» STUDY MATERIAL:

---*---

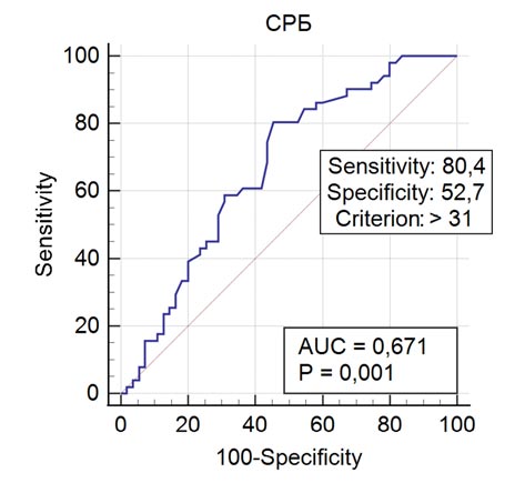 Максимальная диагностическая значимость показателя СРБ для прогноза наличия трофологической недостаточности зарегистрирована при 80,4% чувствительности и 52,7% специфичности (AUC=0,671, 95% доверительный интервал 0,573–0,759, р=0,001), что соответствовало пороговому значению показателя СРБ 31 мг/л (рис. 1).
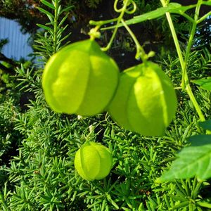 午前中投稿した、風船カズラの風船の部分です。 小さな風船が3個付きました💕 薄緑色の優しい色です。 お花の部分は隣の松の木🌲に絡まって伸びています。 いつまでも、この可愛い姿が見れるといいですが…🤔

---*---

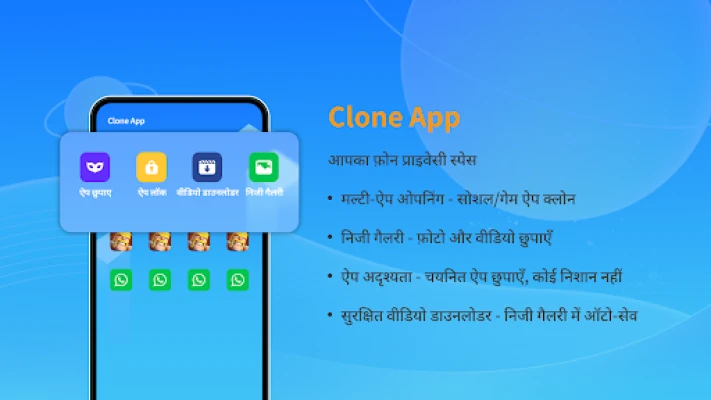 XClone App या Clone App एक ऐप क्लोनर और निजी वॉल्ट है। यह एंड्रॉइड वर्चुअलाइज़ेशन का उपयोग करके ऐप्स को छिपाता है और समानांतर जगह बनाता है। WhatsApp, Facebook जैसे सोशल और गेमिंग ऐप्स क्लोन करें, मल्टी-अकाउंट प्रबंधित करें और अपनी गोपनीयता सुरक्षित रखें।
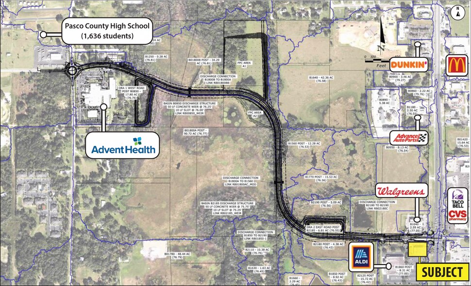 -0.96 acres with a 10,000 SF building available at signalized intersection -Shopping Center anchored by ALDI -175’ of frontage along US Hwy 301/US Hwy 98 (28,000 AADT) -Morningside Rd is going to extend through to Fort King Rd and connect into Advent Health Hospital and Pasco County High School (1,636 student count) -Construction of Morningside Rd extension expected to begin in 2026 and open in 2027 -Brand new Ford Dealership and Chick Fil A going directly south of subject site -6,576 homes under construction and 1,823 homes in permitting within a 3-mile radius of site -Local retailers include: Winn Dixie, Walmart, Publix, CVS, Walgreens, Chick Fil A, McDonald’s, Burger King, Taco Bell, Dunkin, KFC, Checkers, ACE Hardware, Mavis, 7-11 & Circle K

---*---

From the records above, copy only the lines running from the line containing "Максимальная диагностическая значимость" to the line containing "午前中投稿した、風船カズラの風船の部分です。 小さな風船が3個付きました💕 薄緑色の優しい色です。", both ends included. Leave the pictures out.

 Максимальная диагностическая значимость показателя СРБ для прогноза наличия трофологической недостаточности зарегистрирована при 80,4% чувствительности и 52,7% специфичности (AUC=0,671, 95% доверительный интервал 0,573–0,759, р=0,001), что соответствовало пороговому значению показателя СРБ 31 мг/л (рис. 1).
 午前中投稿した、風船カズラの風船の部分です。 小さな風船が3個付きました💕 薄緑色の優しい色です。 お花の部分は隣の松の木🌲に絡まって伸びています。 いつまでも、この可愛い姿が見れるといいですが…🤔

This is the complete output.